Data for this exercise

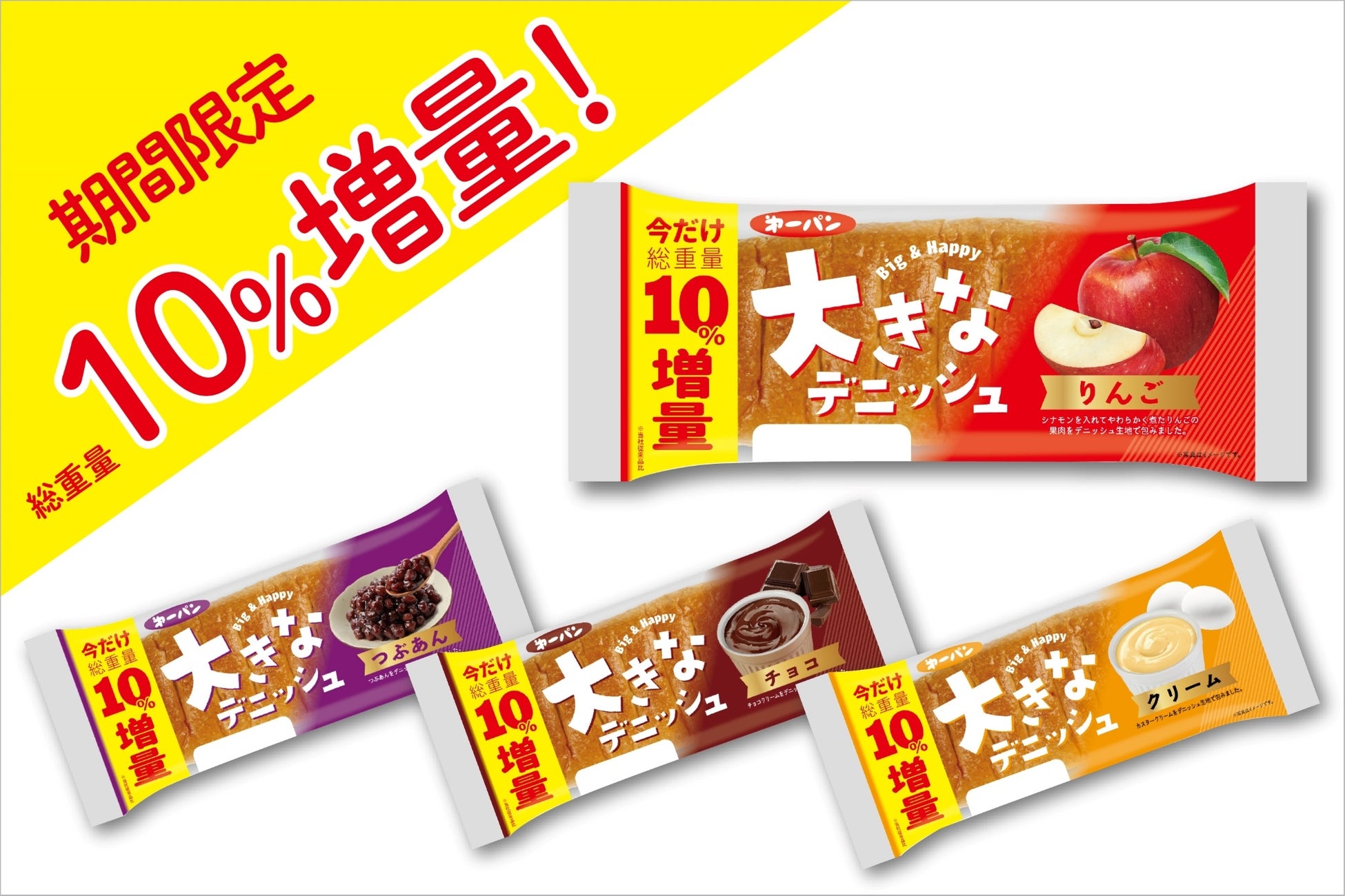 期間限定で、『大きなデニッシュ』シリーズの対象商品の製品総重量を10%増量いたします。
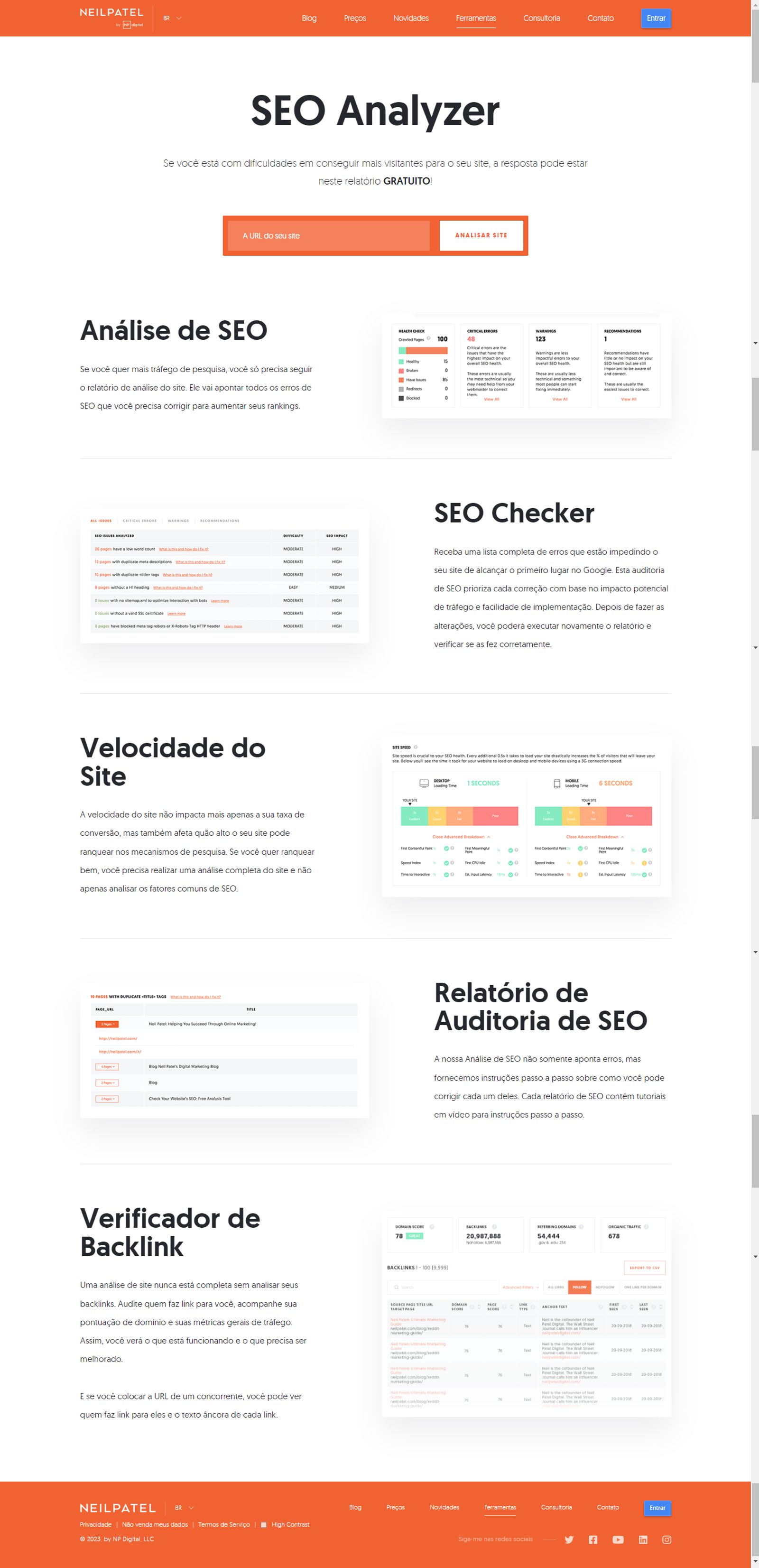 A ferramenta Ubersuggest, da agência de marketing de Neil Patel, é um ótimo exemplo desse tipo de isca digital, permitindo criar uma conta gratuita para fazer análise do SEO do site.
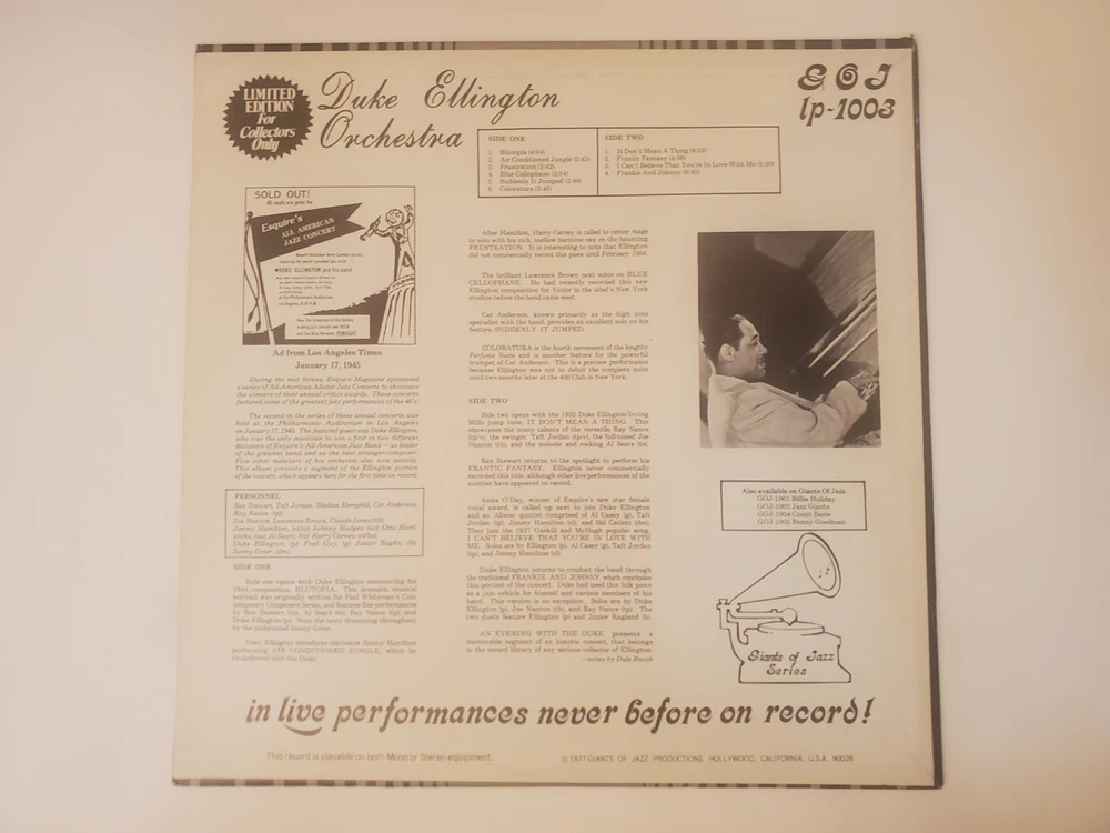 Duke Ellington - An Evening with The Duke (Vinyl Record LP) Record is in an enjoyable condition for listening. Minimal pops, skips, etc. COMBINED SHIPPING DISCOUNTS ARE ENABLED My eBay store has over 35,000 items to choose from. Each record after the first one is only $2.25/each for shipping. Must be all in one order. Discount is automatically applied at shopping cart. To continue, click "BUY IT NOW" or "MAKE AN OFFER".
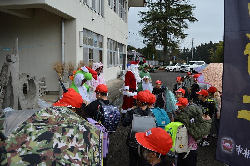 12月24日(火)、2学期前半が終了しました。そして今年も永久津小にサンタがやってきました!
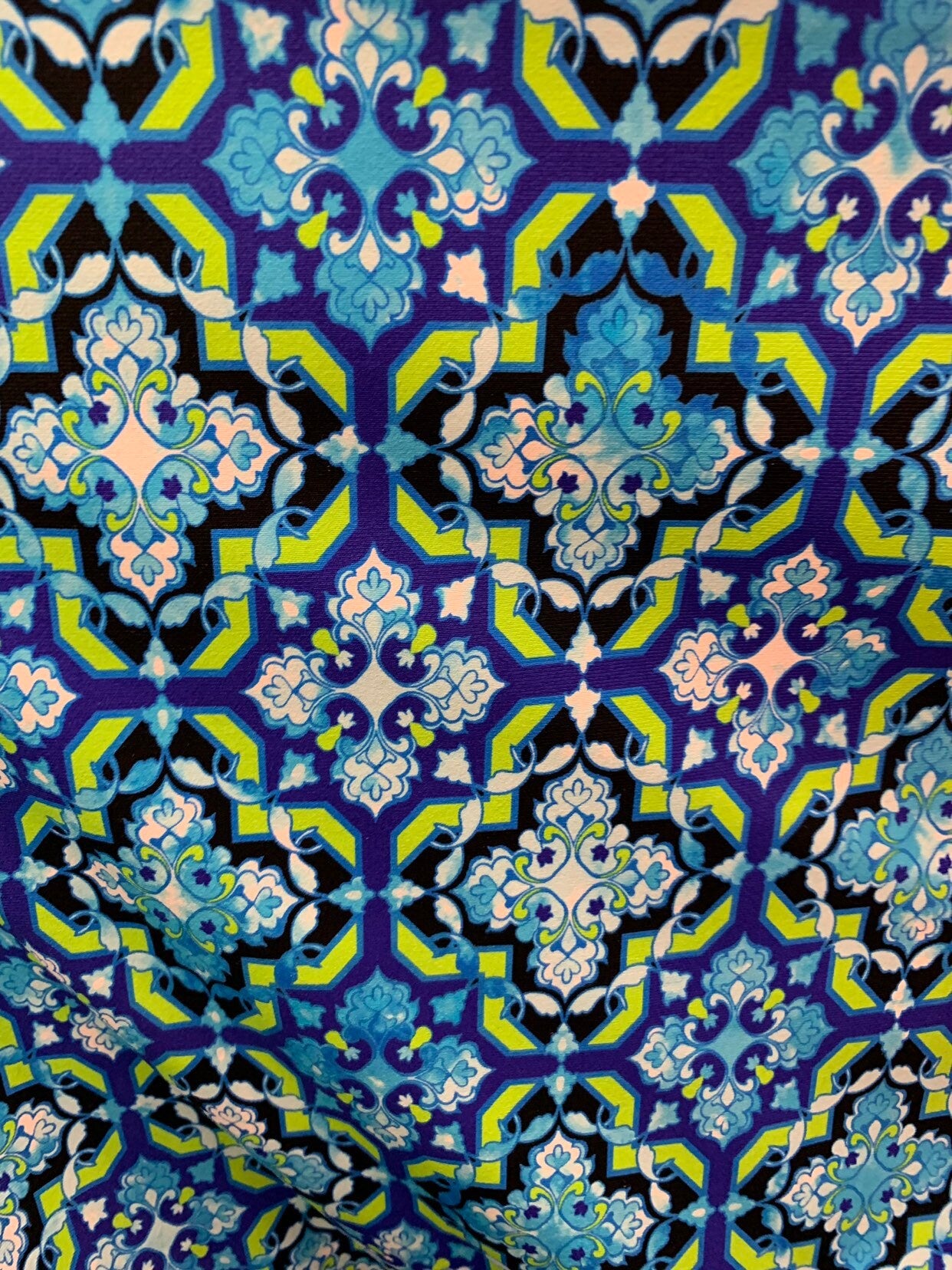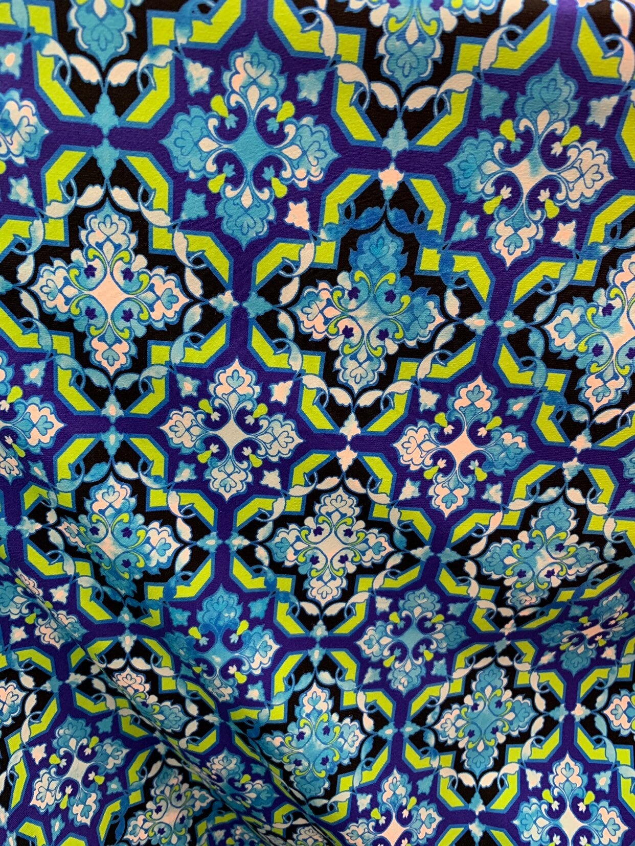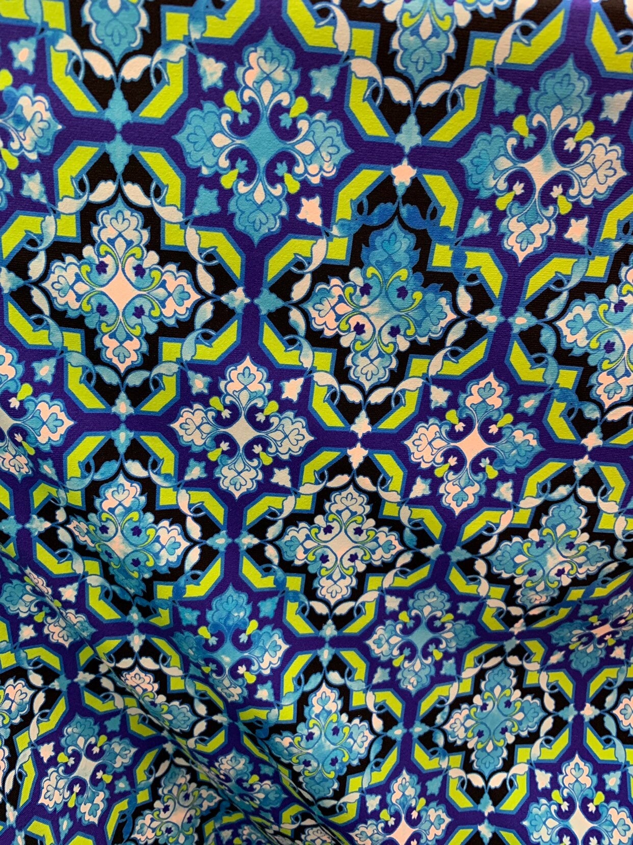 New print Isabella design heavy nylon spandex 4way stretch 58/60" Sold by the YD. Ships worldwide from Los Angeles California USA.
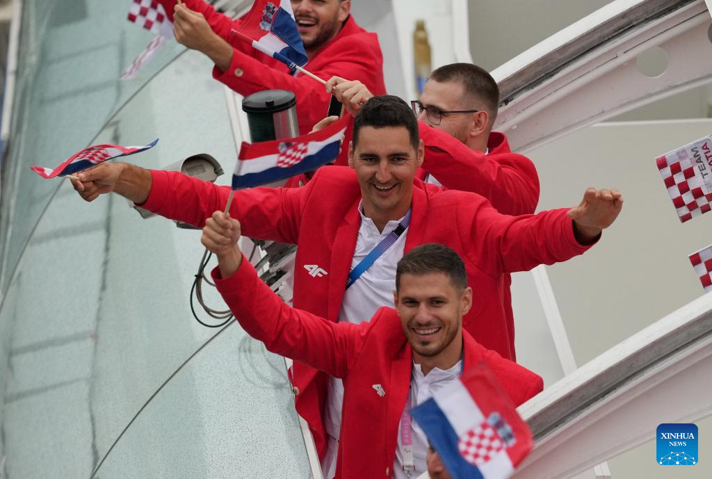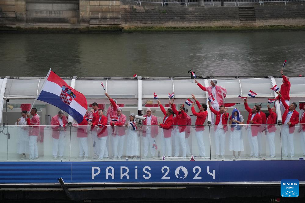 Members of the delegation of Croatia are seen during the opening ceremony of the Paris 2024 Olympic Games in Paris, France, July 26, 2024. (Xinhua/Wan Xiang)

Task
The images in the entries above should be left out; please reproduce exactly the lines from the first through the one containing "Duke Ellington - An".

Reply to the task
 期間限定で、『大きなデニッシュ』シリーズの対象商品の製品総重量を10%増量いたします。
 A ferramenta Ubersuggest, da agência de marketing de Neil Patel, é um ótimo exemplo desse tipo de isca digital, permitindo criar uma conta gratuita para fazer análise do SEO do site.
 Duke Ellington - An Evening with The Duke (Vinyl Record LP) Record is in an enjoyable condition for listening. Minimal pops, skips, etc. COMBINED SHIPPING DISCOUNTS ARE ENABLED My eBay store has over 35,000 items to choose from. Each record after the first one is only $2.25/each for shipping. Must be all in one order. Discount is automatically applied at shopping cart. To continue, click "BUY IT NOW" or "MAKE AN OFFER".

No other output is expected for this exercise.